### [RECORD SET]
..............................

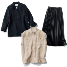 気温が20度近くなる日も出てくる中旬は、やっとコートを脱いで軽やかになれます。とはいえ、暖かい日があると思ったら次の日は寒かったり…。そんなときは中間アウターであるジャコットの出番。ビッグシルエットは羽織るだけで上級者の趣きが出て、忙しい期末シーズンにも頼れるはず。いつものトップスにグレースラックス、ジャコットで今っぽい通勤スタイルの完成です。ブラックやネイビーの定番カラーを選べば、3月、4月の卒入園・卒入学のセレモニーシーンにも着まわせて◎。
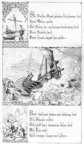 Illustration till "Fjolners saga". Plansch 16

..............................

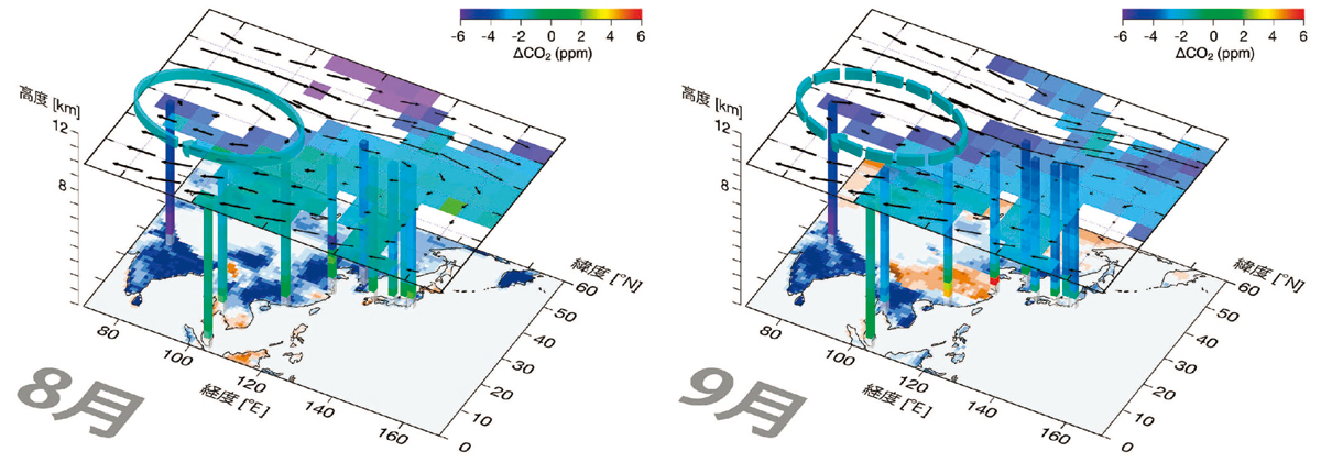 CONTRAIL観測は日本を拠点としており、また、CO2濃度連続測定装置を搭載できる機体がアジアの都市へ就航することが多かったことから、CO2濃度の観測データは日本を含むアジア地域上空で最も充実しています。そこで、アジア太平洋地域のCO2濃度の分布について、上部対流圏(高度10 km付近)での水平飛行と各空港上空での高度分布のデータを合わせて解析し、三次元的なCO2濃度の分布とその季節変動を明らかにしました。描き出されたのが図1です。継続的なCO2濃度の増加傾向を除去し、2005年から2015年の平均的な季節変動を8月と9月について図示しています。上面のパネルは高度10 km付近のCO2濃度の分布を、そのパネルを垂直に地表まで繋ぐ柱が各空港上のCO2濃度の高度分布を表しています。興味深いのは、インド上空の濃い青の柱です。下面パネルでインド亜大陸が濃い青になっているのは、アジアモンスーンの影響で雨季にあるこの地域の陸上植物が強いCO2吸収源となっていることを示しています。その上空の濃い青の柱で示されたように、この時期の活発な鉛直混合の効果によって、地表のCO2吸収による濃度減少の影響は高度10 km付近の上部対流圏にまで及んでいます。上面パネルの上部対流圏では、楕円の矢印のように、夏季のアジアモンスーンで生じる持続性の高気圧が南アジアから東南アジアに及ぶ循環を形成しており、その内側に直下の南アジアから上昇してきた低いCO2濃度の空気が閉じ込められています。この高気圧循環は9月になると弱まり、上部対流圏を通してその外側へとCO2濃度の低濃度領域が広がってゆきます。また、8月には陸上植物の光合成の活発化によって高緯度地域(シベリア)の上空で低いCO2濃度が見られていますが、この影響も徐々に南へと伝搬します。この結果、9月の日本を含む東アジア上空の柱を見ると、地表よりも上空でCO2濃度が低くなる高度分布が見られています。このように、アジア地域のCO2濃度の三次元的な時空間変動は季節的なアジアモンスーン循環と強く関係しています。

..............................

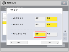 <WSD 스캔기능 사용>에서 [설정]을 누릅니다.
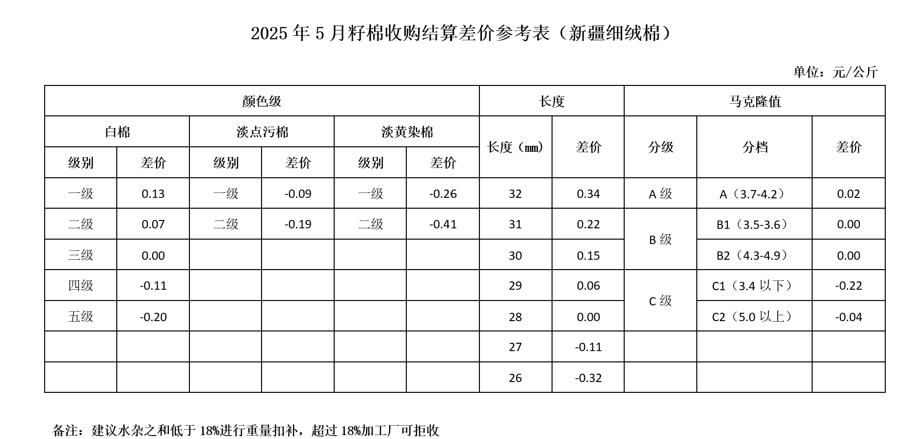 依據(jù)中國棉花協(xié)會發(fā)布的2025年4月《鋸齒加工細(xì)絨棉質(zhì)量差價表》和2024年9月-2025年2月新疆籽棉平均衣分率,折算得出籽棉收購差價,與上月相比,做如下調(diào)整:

..............................

### [EXERCISE]
Using the data above, set down each line from the line with "<WSD 스캔기능 사용>에서 [설정]을 누릅니다." to the line with "依據(jù)中國棉花協(xi" exactly, both ends included, and leave the pictures behind. Nothing else belongs.

### [TASK RESPONSE]
 <WSD 스캔기능 사용>에서 [설정]을 누릅니다.
 依據(jù)中國棉花協(xié)會發(fā)布的2025年4月《鋸齒加工細(xì)絨棉質(zhì)量差價表》和2024年9月-2025年2月新疆籽棉平均衣分率,折算得出籽棉收購差價,與上月相比,做如下調(diào)整:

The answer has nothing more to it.